Goals and Assumptions and Vision

Motivation

CRS is described in the modsec language.

This makes it harder for other (non-modsec) WAFs to adapt CRS.
It makes it hard to maintain these rules in good quality.

Having a more abstracted version which get's compiled down should improve readability.

Assumptions

A CRS rule set should be as declarative as possible. Imperative programming style is harder to read, understand and test.
The CRS ruleset should be platform independent and should have tools for compilation from the platform independent format to platform specific formats (for example modsec)
There is a difference between a WAF config and the CRS. Today, this is mixed as CRS is bound to a single WAF. For example, IP reputation is part of WAF but should not be a part of CRS.
A good WAF should allow 2 kinds of configuration. There should be a declarative part which will solve 95% of all the problems. And a scripting language part which should be good enough to solve all other problems. I see CRS clearly in the declarative config part. A "typical user" should configure their WAF and not program it.

Vision

Having a simple to parse, simple to implement declarative language which contains the CRS.
Having a compiler from this language into modsec language. The final modsec representation of the CRS should match the current CRS.
Having a simple execution model of a WAF in Python which works together with https://github.com/fastly/ftw to check the ruleset.
Having compilers from this new language to other WAFs and/or webstacks. For example, having an embedded WAF/CRS interpreter for Java stacks or Django middleware would improve the WAF space and makes CRS a more important player.

Whats wrong with the modsec language

When we refer to modsec, we mean "modsec - the language" which is implemented by "modsec the library"

High level

ModSec (from its history as an Apache Plugin) uses a syntax which is compatible to Apache config files
ModSec (from its history as an Apache Plugin) added all extensions from the last 10+ years to be compatible with this original syntax and model and is very confusing for new users. This starts with correct quoting, the different kind of actions, the absent of data types, chain rules, etc.

Data Types

modsec has 2 data types: collections and scalars. A collection is a multi-key dictionary where you can filter for keys and get a smaller collection back. When you iterate over a collection, you get key-value pairs back. There are special collections (ARGS_NAMES for example) where the key is identical to the value.

modsec also includes global (shared between transactions) collections which can be defined on demand.

There is no way to define your own local collection. Instead, rules are using the TX collection and implement a namespace inside this collection with name prefixes. Other rules are implementing lists as a string with delimiters (different rules with different delimiters) because a simple construct like a list of strings is not available. This results in stuff like

setvar:'tx.allowed_request_content_type=application/x-www-form-urlencoded|multipart/form-data|text/xml|application/xml|application/soap+xml|application/x-amf|application/json|application/octet-stream|text/plain'"
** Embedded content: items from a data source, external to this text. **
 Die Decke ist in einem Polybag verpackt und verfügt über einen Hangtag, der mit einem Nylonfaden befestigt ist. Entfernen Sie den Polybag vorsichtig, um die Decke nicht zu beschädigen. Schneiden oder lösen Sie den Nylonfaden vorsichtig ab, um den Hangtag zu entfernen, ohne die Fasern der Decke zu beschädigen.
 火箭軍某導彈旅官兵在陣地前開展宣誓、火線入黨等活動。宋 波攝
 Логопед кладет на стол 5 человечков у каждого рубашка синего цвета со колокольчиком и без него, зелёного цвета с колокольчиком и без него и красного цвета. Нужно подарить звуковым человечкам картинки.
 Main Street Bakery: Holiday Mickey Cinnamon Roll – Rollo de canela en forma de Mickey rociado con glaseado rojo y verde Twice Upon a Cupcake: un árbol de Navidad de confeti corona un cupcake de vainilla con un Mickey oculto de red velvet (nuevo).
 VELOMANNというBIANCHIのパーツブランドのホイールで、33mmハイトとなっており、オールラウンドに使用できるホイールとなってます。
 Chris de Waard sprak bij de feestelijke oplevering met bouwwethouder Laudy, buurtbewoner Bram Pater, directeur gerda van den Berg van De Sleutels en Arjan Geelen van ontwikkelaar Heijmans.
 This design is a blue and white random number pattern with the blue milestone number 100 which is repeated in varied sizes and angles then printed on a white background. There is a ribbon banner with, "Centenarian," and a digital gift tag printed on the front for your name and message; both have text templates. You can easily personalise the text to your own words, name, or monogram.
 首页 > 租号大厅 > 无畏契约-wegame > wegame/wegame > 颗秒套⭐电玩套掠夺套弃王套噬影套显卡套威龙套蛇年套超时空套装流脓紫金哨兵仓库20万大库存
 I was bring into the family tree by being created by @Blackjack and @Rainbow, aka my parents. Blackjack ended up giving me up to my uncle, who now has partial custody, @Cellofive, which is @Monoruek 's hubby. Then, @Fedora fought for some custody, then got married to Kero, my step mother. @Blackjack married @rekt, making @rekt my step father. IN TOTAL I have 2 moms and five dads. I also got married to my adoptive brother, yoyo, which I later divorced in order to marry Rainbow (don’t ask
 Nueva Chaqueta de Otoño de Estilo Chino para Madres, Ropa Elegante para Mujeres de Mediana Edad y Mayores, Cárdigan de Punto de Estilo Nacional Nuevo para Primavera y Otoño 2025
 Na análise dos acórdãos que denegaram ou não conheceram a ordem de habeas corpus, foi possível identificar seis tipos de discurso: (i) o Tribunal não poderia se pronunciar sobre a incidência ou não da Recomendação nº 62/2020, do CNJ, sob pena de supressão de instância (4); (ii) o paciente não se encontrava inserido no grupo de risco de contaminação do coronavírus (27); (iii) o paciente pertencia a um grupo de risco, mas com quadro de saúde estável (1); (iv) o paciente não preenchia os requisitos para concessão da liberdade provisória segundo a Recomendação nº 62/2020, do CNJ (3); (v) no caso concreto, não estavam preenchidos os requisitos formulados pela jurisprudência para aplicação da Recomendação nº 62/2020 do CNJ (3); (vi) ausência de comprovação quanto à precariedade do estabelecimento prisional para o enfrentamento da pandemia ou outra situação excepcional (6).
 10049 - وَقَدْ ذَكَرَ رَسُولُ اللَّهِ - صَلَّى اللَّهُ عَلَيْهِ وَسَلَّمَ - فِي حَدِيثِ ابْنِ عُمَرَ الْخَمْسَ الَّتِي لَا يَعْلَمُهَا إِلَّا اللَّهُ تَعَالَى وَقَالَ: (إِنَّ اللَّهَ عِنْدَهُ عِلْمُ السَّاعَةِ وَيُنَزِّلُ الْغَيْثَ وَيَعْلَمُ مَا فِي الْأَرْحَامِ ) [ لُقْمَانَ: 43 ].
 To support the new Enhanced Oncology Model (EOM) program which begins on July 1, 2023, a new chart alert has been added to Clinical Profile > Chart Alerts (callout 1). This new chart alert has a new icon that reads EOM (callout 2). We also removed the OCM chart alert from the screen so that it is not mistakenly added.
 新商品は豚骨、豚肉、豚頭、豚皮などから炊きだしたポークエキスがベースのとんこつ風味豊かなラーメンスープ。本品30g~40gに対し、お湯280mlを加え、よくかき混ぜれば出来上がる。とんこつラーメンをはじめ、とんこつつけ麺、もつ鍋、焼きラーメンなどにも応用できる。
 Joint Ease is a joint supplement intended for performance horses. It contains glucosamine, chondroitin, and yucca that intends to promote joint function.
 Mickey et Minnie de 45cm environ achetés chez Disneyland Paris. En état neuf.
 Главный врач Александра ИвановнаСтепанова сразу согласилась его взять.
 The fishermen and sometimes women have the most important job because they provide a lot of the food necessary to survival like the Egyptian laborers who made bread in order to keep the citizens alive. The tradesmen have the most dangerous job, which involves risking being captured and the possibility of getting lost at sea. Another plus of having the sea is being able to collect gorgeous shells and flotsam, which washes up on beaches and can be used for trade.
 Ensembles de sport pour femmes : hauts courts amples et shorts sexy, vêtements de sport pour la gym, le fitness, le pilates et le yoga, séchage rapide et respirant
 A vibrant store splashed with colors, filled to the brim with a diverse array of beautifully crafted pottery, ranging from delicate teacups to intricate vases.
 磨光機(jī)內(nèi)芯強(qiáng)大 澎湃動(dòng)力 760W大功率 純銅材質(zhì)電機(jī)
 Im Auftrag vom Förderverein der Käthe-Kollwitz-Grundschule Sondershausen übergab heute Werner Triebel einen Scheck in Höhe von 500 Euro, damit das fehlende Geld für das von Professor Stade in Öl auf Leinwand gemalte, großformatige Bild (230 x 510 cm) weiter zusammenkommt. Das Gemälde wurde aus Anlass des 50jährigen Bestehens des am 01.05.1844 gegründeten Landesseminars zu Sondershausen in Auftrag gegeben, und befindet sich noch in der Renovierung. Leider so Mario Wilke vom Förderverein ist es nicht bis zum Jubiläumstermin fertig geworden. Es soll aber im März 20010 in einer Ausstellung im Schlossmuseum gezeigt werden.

setvar:'tx.allowed_http_versions=HTTP/1.0 HTTP/1.1 HTTP/2 HTTP/2.0'

setvar:'tx.restricted_extensions=.asa/ .asax/ .ascx/ .axd/ .backup/ .bak/ .bat/ .cdx/ .cer/ .cfg/ .cmd/ .com/ .config/ .conf/ .cs/ .csproj/ .csr/ .dat/ .db/ .dbf/ .dll/ .dos/ .htr/ .htw/ .ida/ .idc/ .idq/ .inc/ .ini/ .key/ .licx/ .lnk/ .log/ .mdb/ .old/ .pass/ .pdb/ .pol/ .printer/ .pwd/ .resources/ .resx/ .sql/ .sys/ .vb/ .vbs/ .vbproj/ .vsdisco/ .webinfo/ .xsd/ .xsx/'"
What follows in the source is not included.